TASK TO COMPLETE = Return the lines that run from the beginning of the entries to the line holding "Ντεμπούτο κάνουν βέβαια", inclusive, and drop the pictures.

*** DATA FOR THE TASK ***

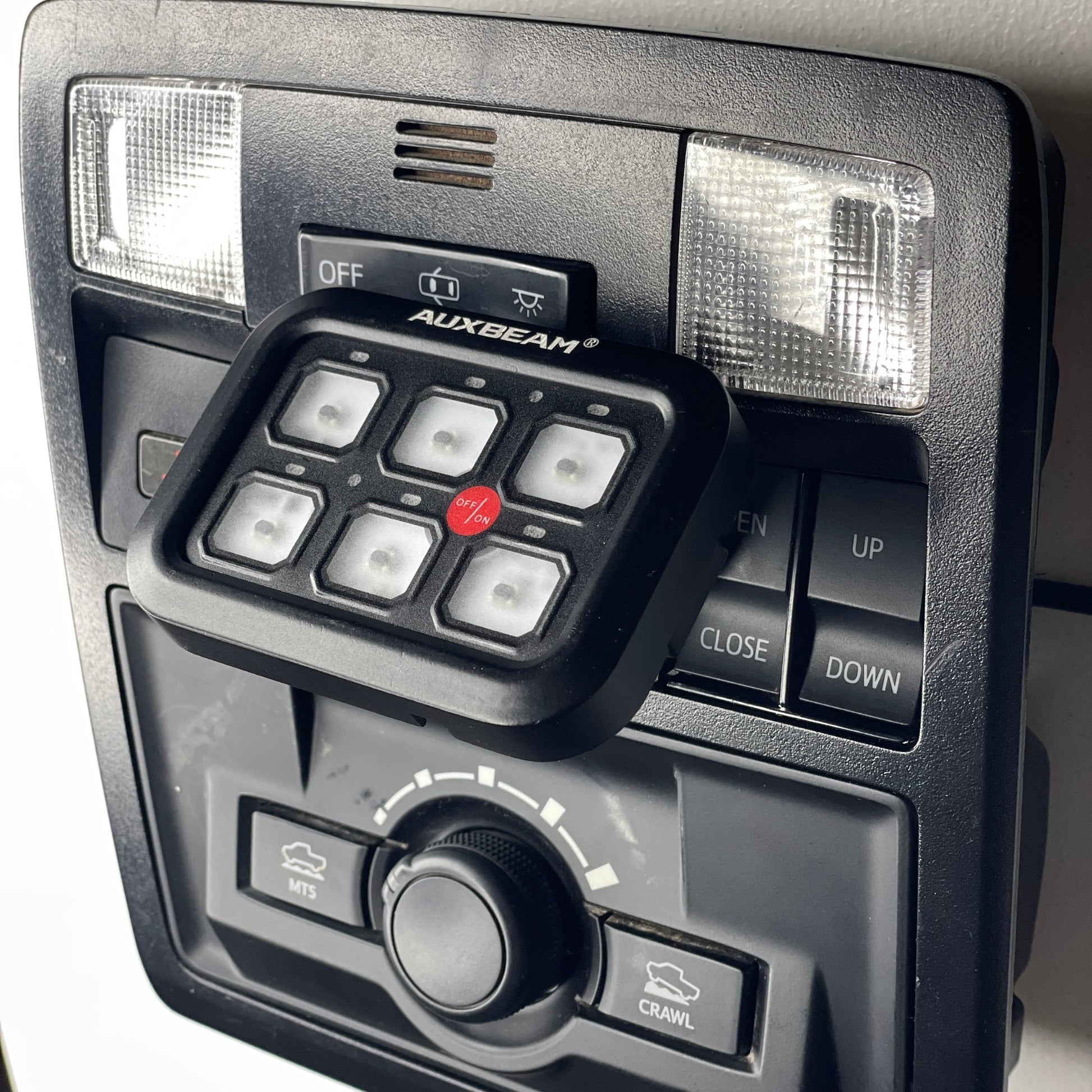 This is a very easy bolt on mod that requires no cutting. The overhead console on the Tacoma has very limited space and this accessory allows you to consolidate all of your controls to the overhead console. You have to option to either Mount a Universal 1"Ball mount or any of the Auxbeam control panels. This was designed so that you can still access the rear diff locker button as well as the sunroof control buttons.
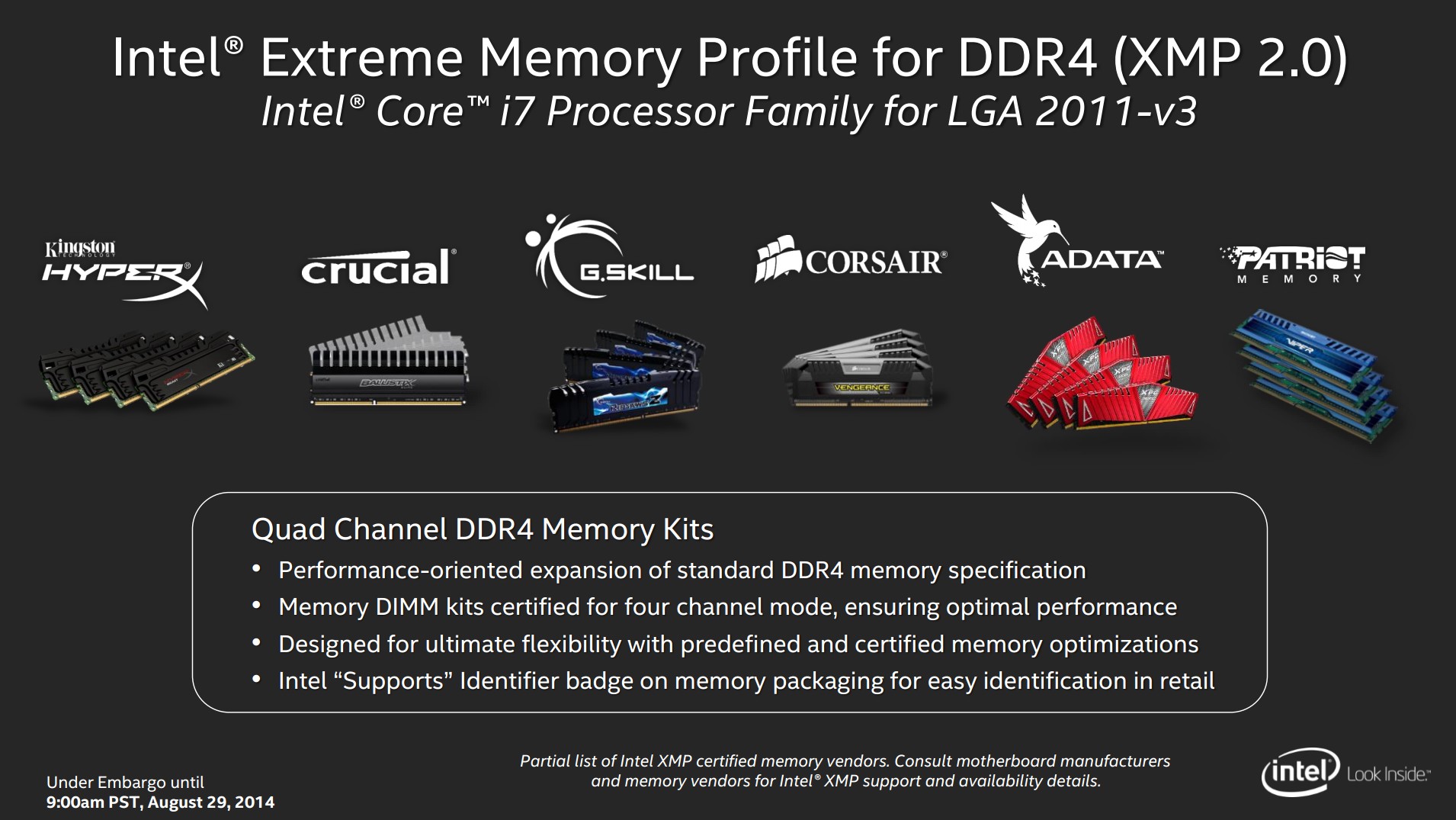 Ντεμπούτο κάνουν βέβαια και οι DDR4 μνήμες στο desktop, αφού η νέα πλατφόρμα της Intel είναι και η πρώτη που τις υποστηρίζει. Οι επεξεργαστές αναφέρεται ότι υποστηρίζουν quad channel DDR4-2133 με timings 15-15-15, αλλά ήδη κυκλοφορούν ή έχουν ανακοινωθεί μνήμες με ταχύτητες DDR4-3200 με CL16.
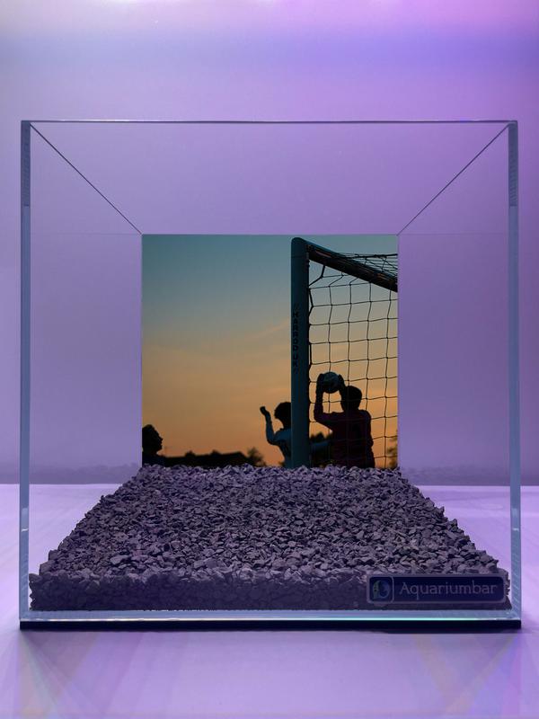 Фотографія являє собою акваріум, у якому зображено вид на поле для гри у футбол у момент заходу сонця. Стиль зображення можна охарактеризувати як мінімалістський і абстрактний. У центрі композиції розташоване зображення людей, що грають у футбол, на тлі заходу сонця. Кольорові плями заходу сонця створюють відчуття спокою. Зображення, поміщене всередину акваріума, передає відчуття відокремленості та концентрації на деталях. Використання скла створює ефект прозорості та ніжності, який підкреслює внутрішнє зображення. Загальна колірна гама включає в себе пастельні відтінки фіолетового і лілового, доповнені теплими помаранчевими і червоними тонами заходу сонця. У зображенні немає складних або яскравих деталей. Загалом композиція зображення створює відчуття умиротворення та спокою. Засобом є фотографія, доповнена використанням оптичних властивостей акваріума.
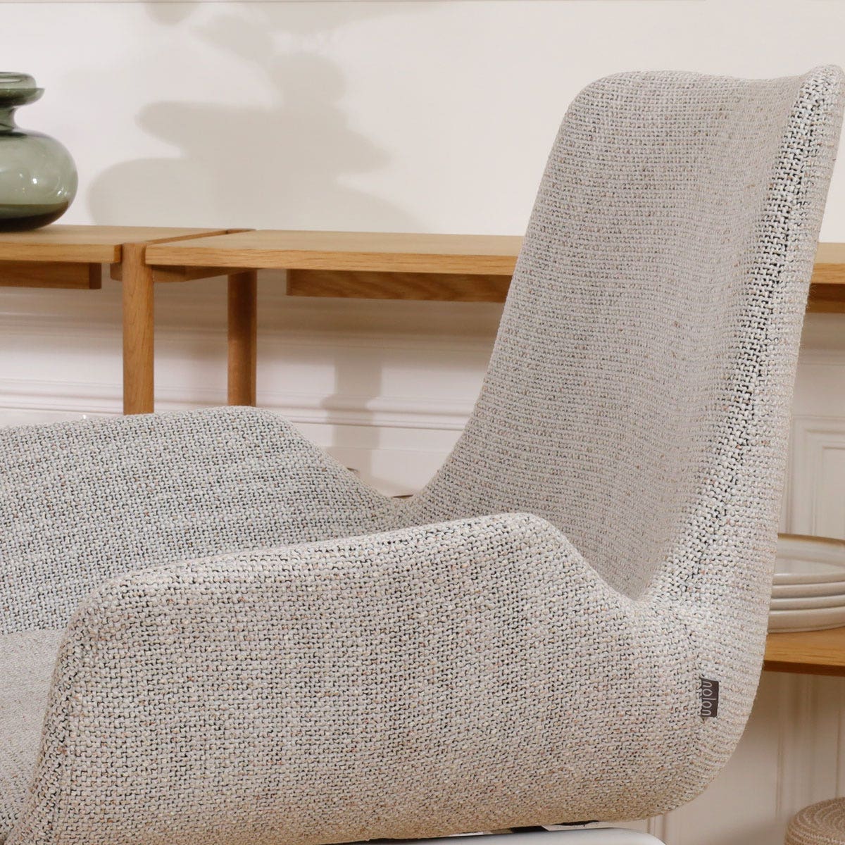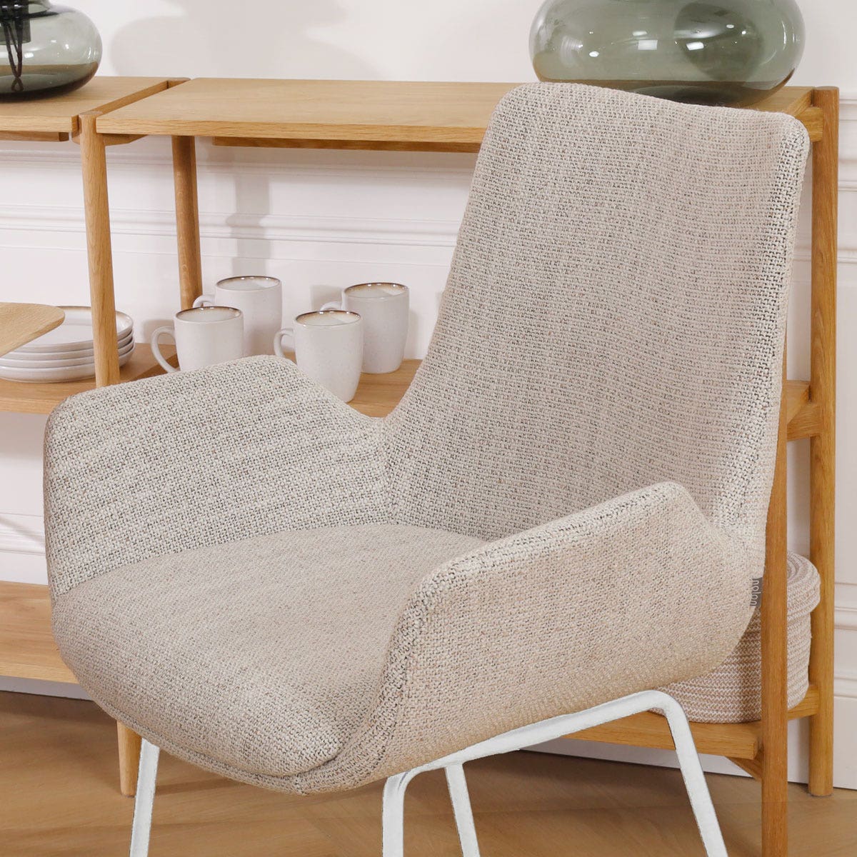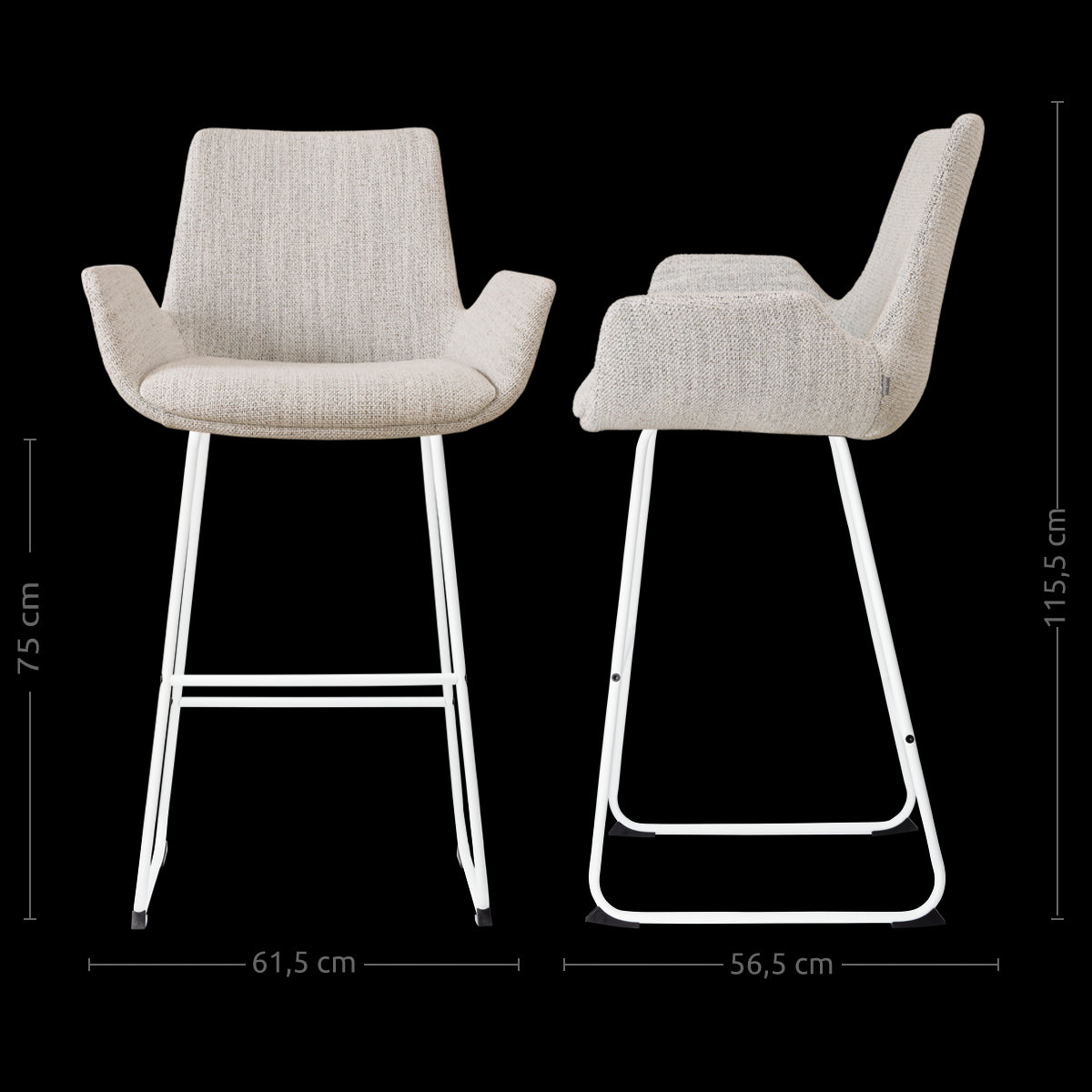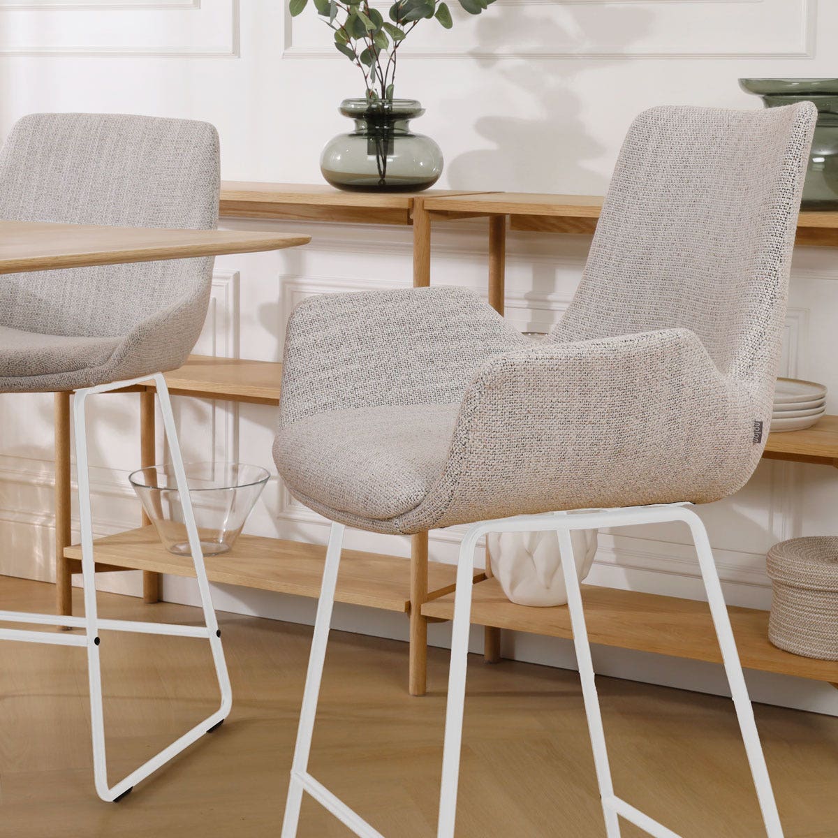 Deze hoge barkruk is ontworpen met zowel comfort als stijl in gedachten. De kruk heeft een wit metalen onderstel, wat zorgt voor een minimalistisch en open design. De comfortabele zitting is bekleed met beige gemêleerde stof en heeft een vast zitkussen, waardoor urenlang dineren aan de bar geen enkel probleem is. De barkruk is ontworpen met armleuningen die iets lager zijn dan normaal, zodat je wel de luxe hebt van het lekker laten rusten van je armen, maar geen gedoe hebt met armleuningen die niet onder het keukenblad passen. Dankzij de zithoogte van 75 centimeter is deze barstoel geschikt om te gebruiken aan een bar of hoge eettafel. Of je nu op zoekt bent naar een barkruk voor een modern, klassiek of Scandinavisch interieur, de Nino-Eef beige gemêleerde barkruk is een uitstekende keuze.
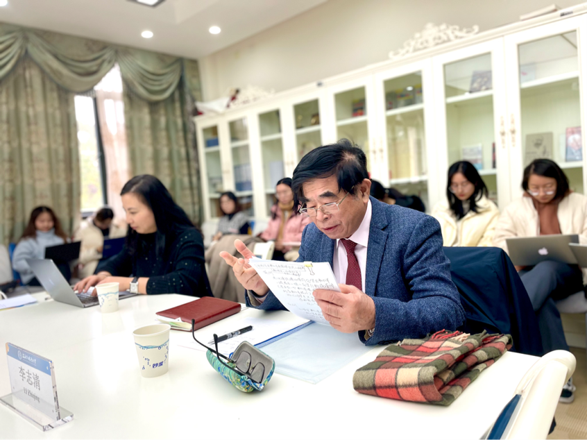 在点评阶段,李志清教授肯定了陈同学的研究选题与思路,并就扩展研究语料、挖掘人文思想起源、探索存在主义精神内核等方面作出了补充。他建议将作家及作品置于西方思想史视阈下进行研究,进一步提升研究的深度与高度。

*** End of DATA FOR THE TASK ***

RESPONSE TO THIS EXERCISE =
 This is a very easy bolt on mod that requires no cutting. The overhead console on the Tacoma has very limited space and this accessory allows you to consolidate all of your controls to the overhead console. You have to option to either Mount a Universal 1"Ball mount or any of the Auxbeam control panels. This was designed so that you can still access the rear diff locker button as well as the sunroof control buttons.
 Ντεμπούτο κάνουν βέβαια και οι DDR4 μνήμες στο desktop, αφού η νέα πλατφόρμα της Intel είναι και η πρώτη που τις υποστηρίζει. Οι επεξεργαστές αναφέρεται ότι υποστηρίζουν quad channel DDR4-2133 με timings 15-15-15, αλλά ήδη κυκλοφορούν ή έχουν ανακοινωθεί μνήμες με ταχύτητες DDR4-3200 με CL16.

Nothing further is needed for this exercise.